**Task requirements**
Please, could you print all the lines below exactly, leaving out the pictures?

(Collected data)
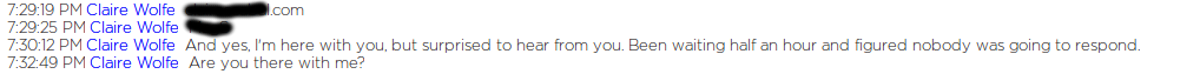 After that, the chat window entirely quit responding. It would accept no further input from me, but at the same time, it wouldn’t allow me to end the chat, other than by closing the browser window.
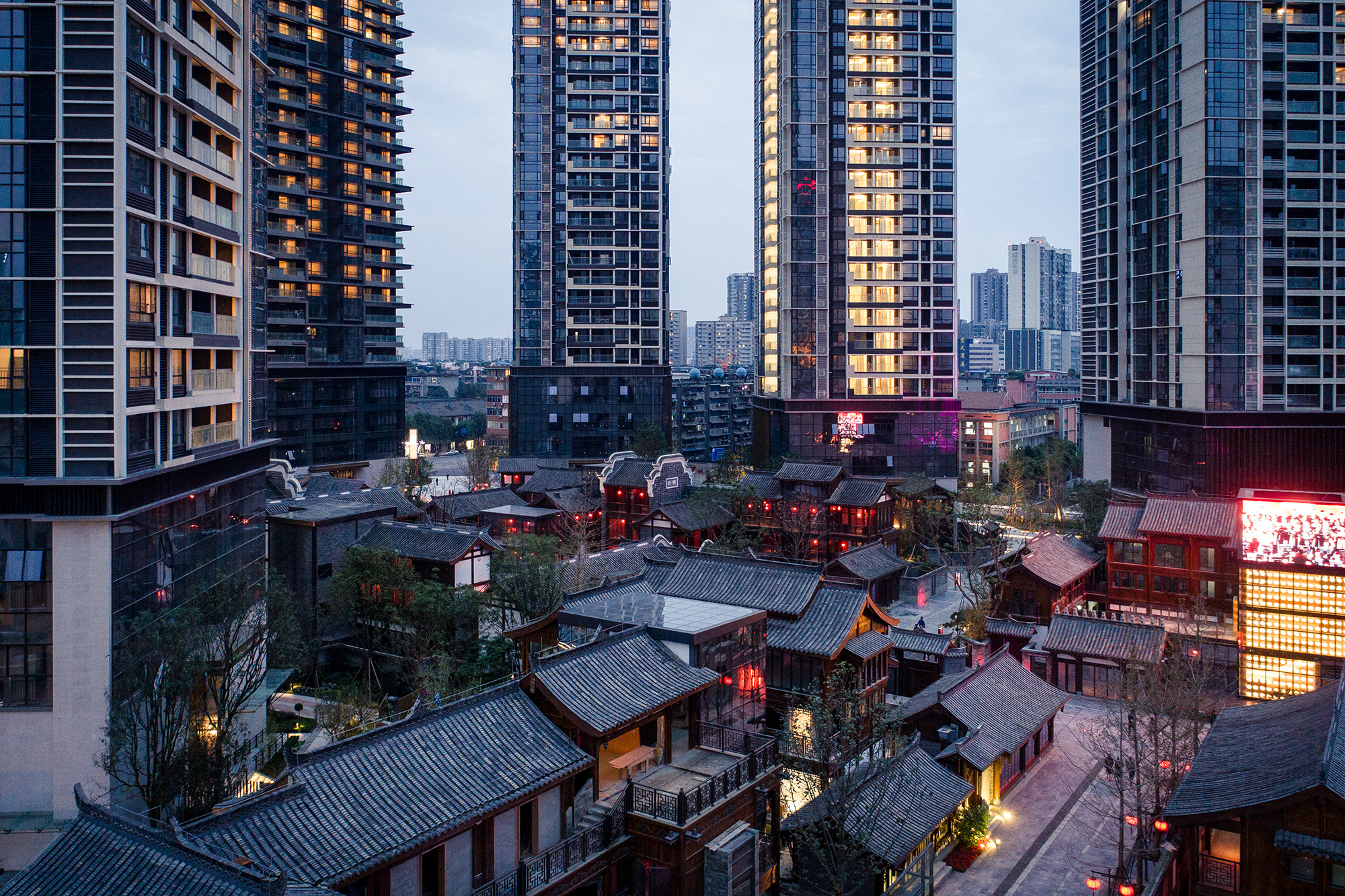 Опроекте: Очередная попытка совместить жилую и коммерческую функцию на одной площадке. Высотные здания по периметру участка предназначены для проживания, а коммерческие объекты занимают пространство между ними, образуя территорию внутреннего двора. Зона отдыха в духе культуры Ба-Шу перекликается со старыми районами города.
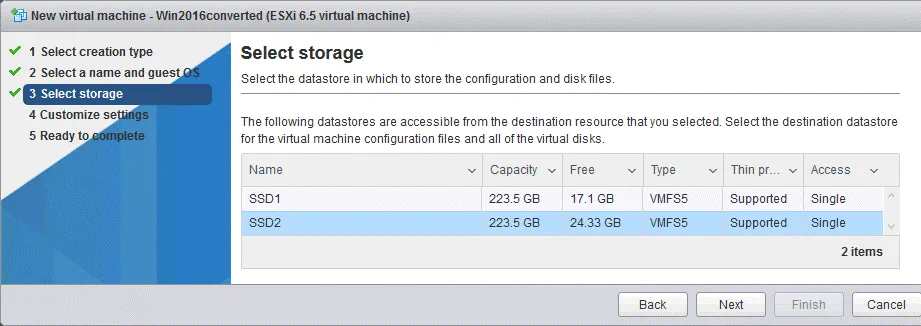 3. Select storage. Select the datastore in which to store the VM files. The name of the datastore used in this example is SSD2.
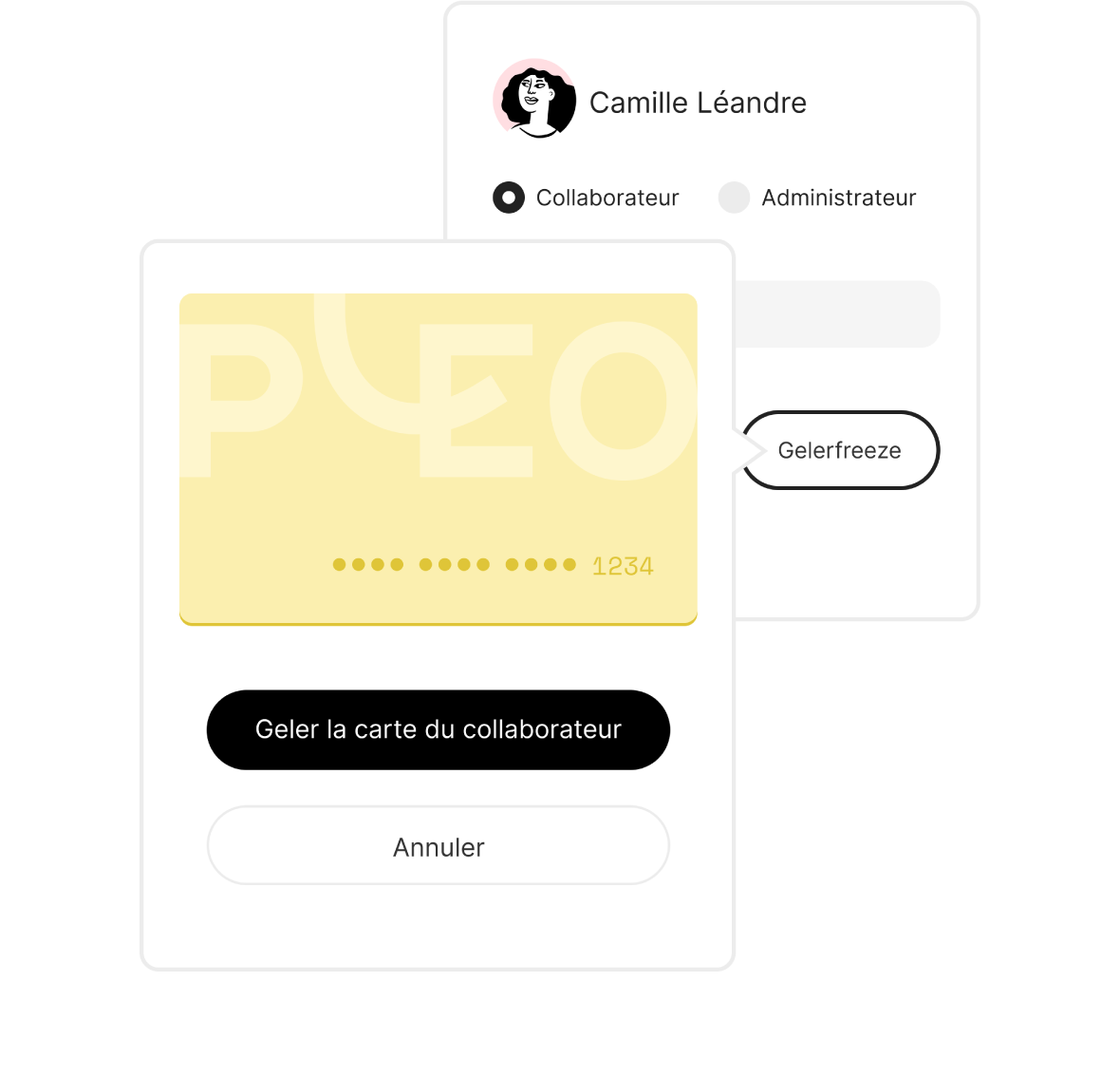 Vous avez fait une erreur ? Aucun problème. Grâce à notre gamme de dispositifs de protection, vous pouvez facilement geler (ou dégeler) des cartes, et même éviter toute dépense suspecte. Si un employé quitte l’entreprise, il vous suffit de supprimer son compte utilisateur Pleo, en seulement quatre clics.
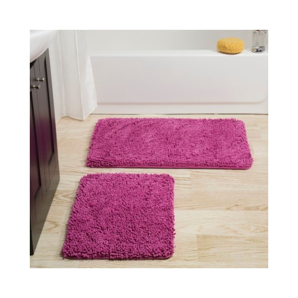 Step out of your tub and into luxury with the Memory Foam Shag 2 Piece Bath Mat Set by Hastings Home. Add a bold pop of style with high pile polyester chenille shag rugs. Featuring a soft and absorbent top layer of polyester chenille and a memory foam core bringing you maximum comfort while you dry off and get ready to start your day. Includes one over sized and one standard sized rug with non-skid bottom.
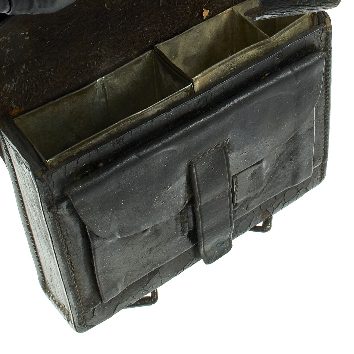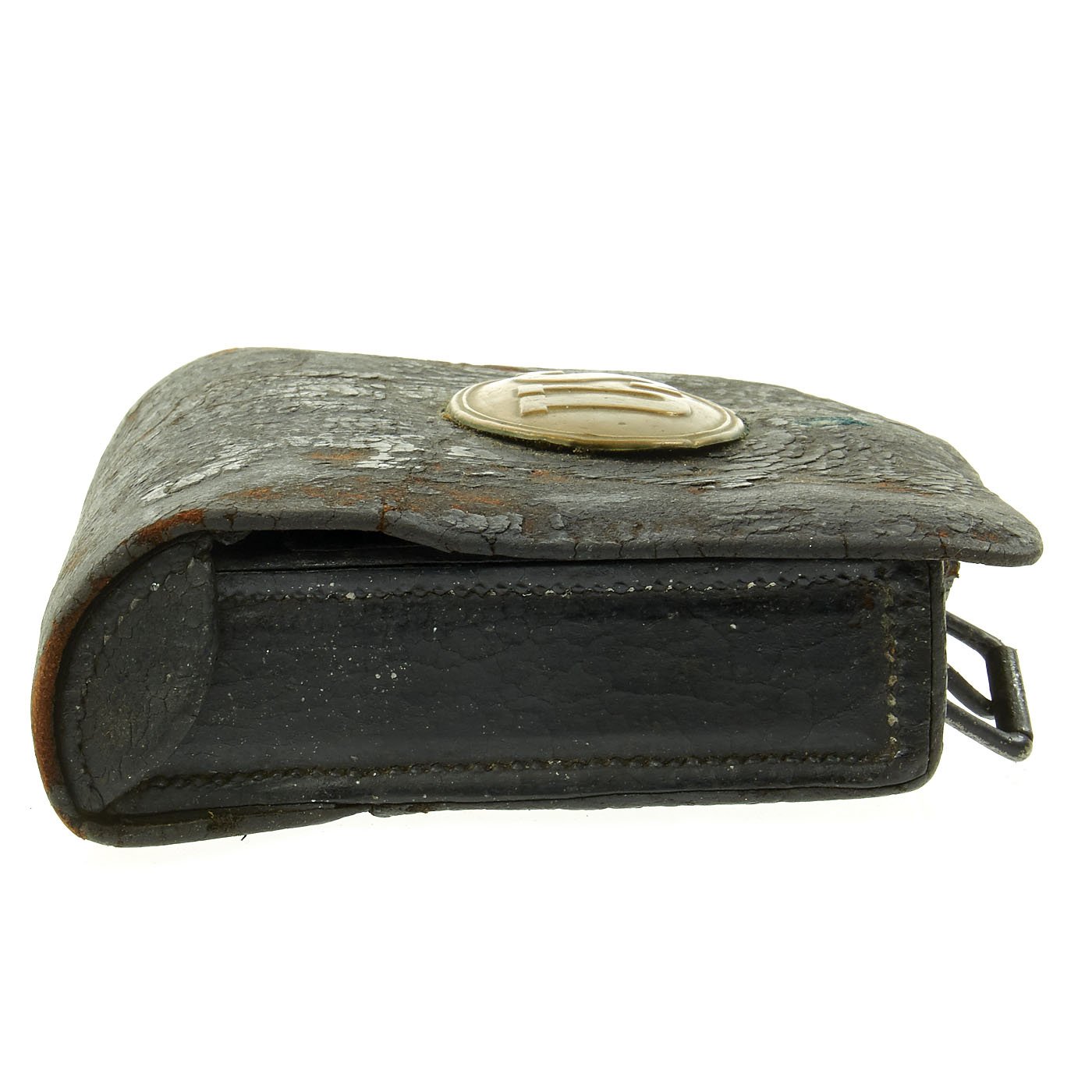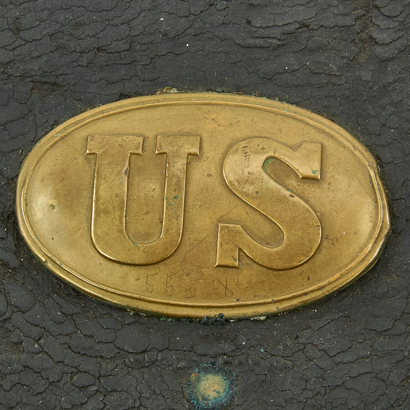 Original Item: Only One Available. This is a genuine Pattern 1861 pattern Federal issue leather cartridge box for .58 caliber. Outer flap has light surface wear with a latch tab that is attached by straight line stitching. The tab hole is torn on one side but the tab remains intact.
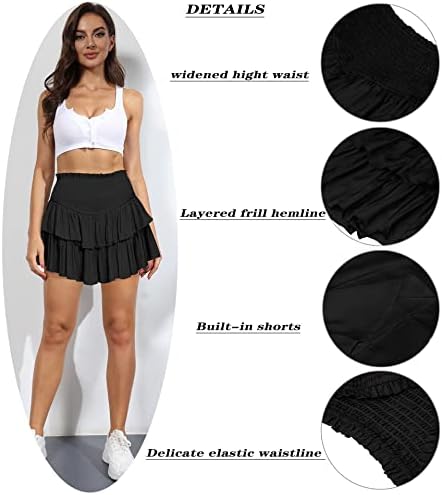 Women’s Summer High Waist Ruffle Elastic Waist Solid Lined Layered Flared Pleated Casual Beach Short Skirt
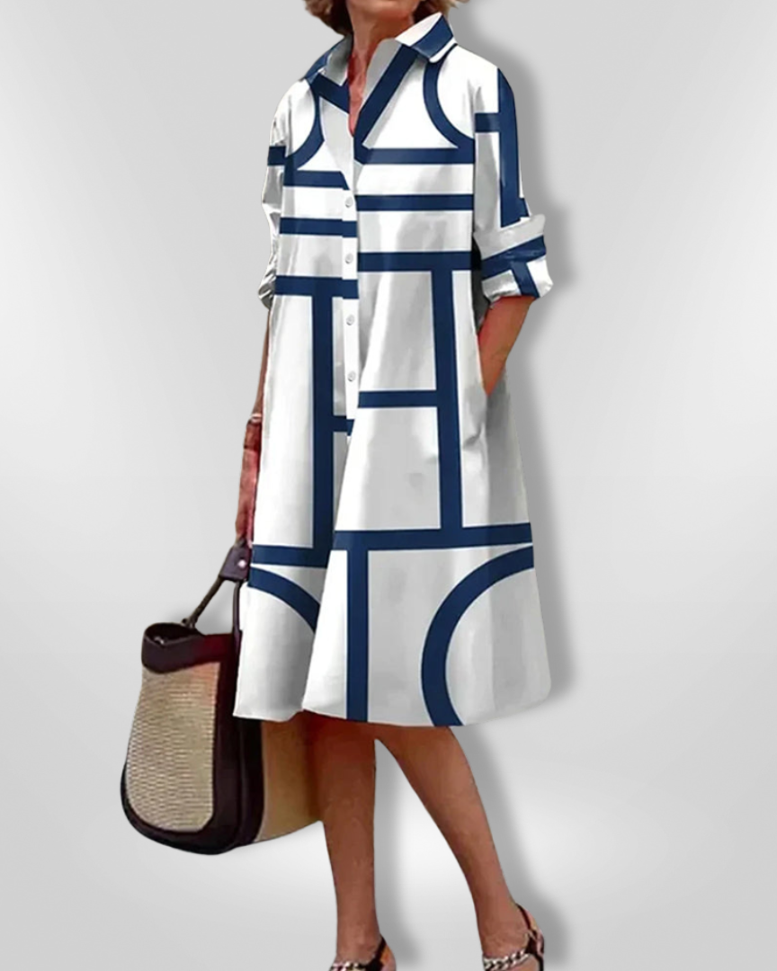 Faites se rencontrer style et confort avec Helena – une robe midi moderne à twist élégant. Le motif géométrique donne à votre look une allure fraîche et contemporaine, tandis que la coupe évasée en A flatteuse et le tissu doux offrent liberté de mouvement et confort.
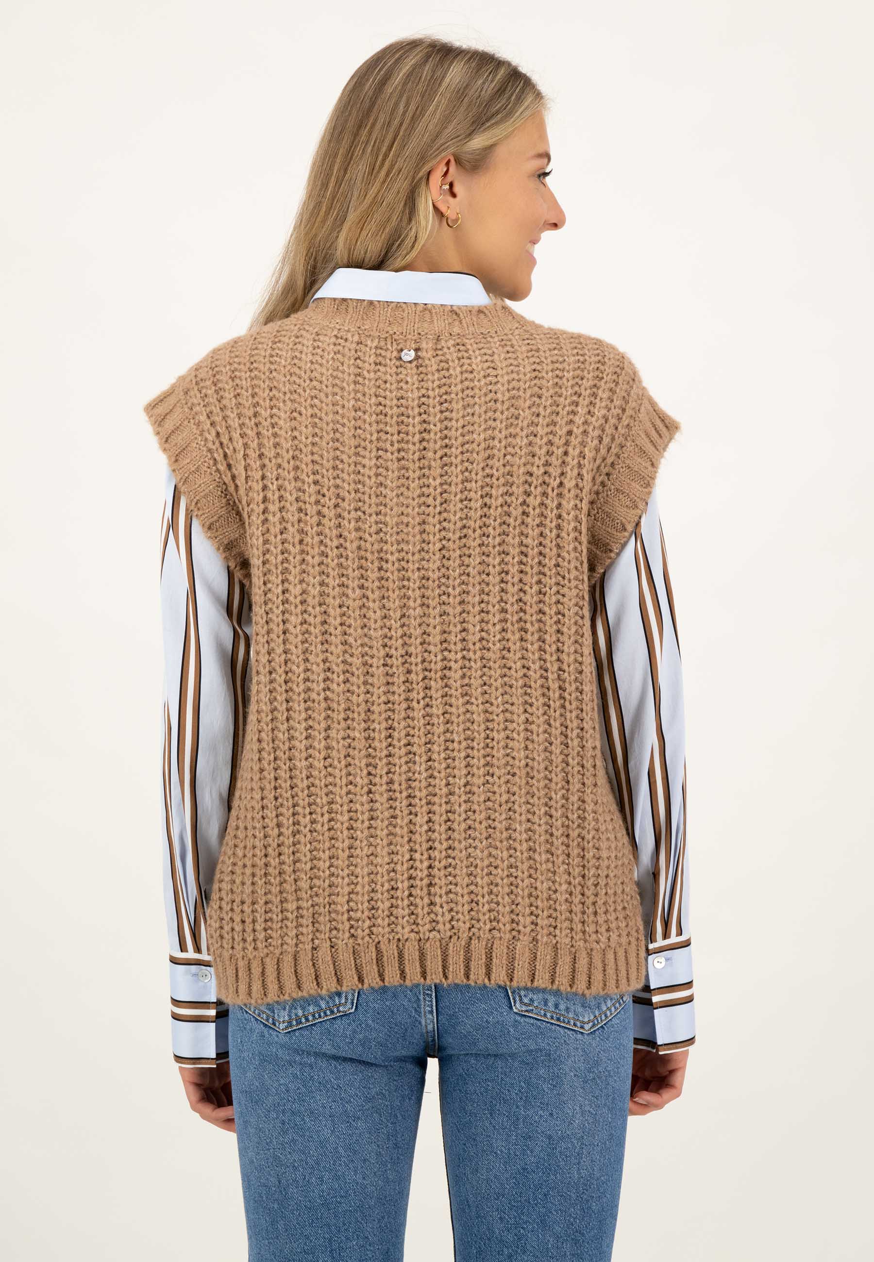 На сайте указаны российские размеры. Приятный мягкий свитер-жилет. С этой моделью из высококачественных материалов вы сможете создавать крутые образы в холодные дни. Благодаря V-образному вырезу слиповер идеально сочетается с блузой с отложным воротником или воротником-стойкой или со свитером с высоким воротником. Свободный крой в сочетании с ребристым вязанием и контрастным вязанием на рукавах, V-образном вырезе и по низу придают комбинезону спортивный и повседневный вид. Рост модели: 177 см. Измерения для 44 размера: Окружность груди: 57 см Бедра: 37 см Длина по спинке: 53 см Пройма: 25см

**Completed task**
 After that, the chat window entirely quit responding. It would accept no further input from me, but at the same time, it wouldn’t allow me to end the chat, other than by closing the browser window.
 Опроекте: Очередная попытка совместить жилую и коммерческую функцию на одной площадке. Высотные здания по периметру участка предназначены для проживания, а коммерческие объекты занимают пространство между ними, образуя территорию внутреннего двора. Зона отдыха в духе культуры Ба-Шу перекликается со старыми районами города.
 3. Select storage. Select the datastore in which to store the VM files. The name of the datastore used in this example is SSD2.
 Vous avez fait une erreur ? Aucun problème. Grâce à notre gamme de dispositifs de protection, vous pouvez facilement geler (ou dégeler) des cartes, et même éviter toute dépense suspecte. Si un employé quitte l’entreprise, il vous suffit de supprimer son compte utilisateur Pleo, en seulement quatre clics.
 Step out of your tub and into luxury with the Memory Foam Shag 2 Piece Bath Mat Set by Hastings Home. Add a bold pop of style with high pile polyester chenille shag rugs. Featuring a soft and absorbent top layer of polyester chenille and a memory foam core bringing you maximum comfort while you dry off and get ready to start your day. Includes one over sized and one standard sized rug with non-skid bottom.
 Original Item: Only One Available. This is a genuine Pattern 1861 pattern Federal issue leather cartridge box for .58 caliber. Outer flap has light surface wear with a latch tab that is attached by straight line stitching. The tab hole is torn on one side but the tab remains intact.
 Women’s Summer High Waist Ruffle Elastic Waist Solid Lined Layered Flared Pleated Casual Beach Short Skirt
 Faites se rencontrer style et confort avec Helena – une robe midi moderne à twist élégant. Le motif géométrique donne à votre look une allure fraîche et contemporaine, tandis que la coupe évasée en A flatteuse et le tissu doux offrent liberté de mouvement et confort.
 На сайте указаны российские размеры. Приятный мягкий свитер-жилет. С этой моделью из высококачественных материалов вы сможете создавать крутые образы в холодные дни. Благодаря V-образному вырезу слиповер идеально сочетается с блузой с отложным воротником или воротником-стойкой или со свитером с высоким воротником. Свободный крой в сочетании с ребристым вязанием и контрастным вязанием на рукавах, V-образном вырезе и по низу придают комбинезону спортивный и повседневный вид. Рост модели: 177 см. Измерения для 44 размера: Окружность груди: 57 см Бедра: 37 см Длина по спинке: 53 см Пройма: 25см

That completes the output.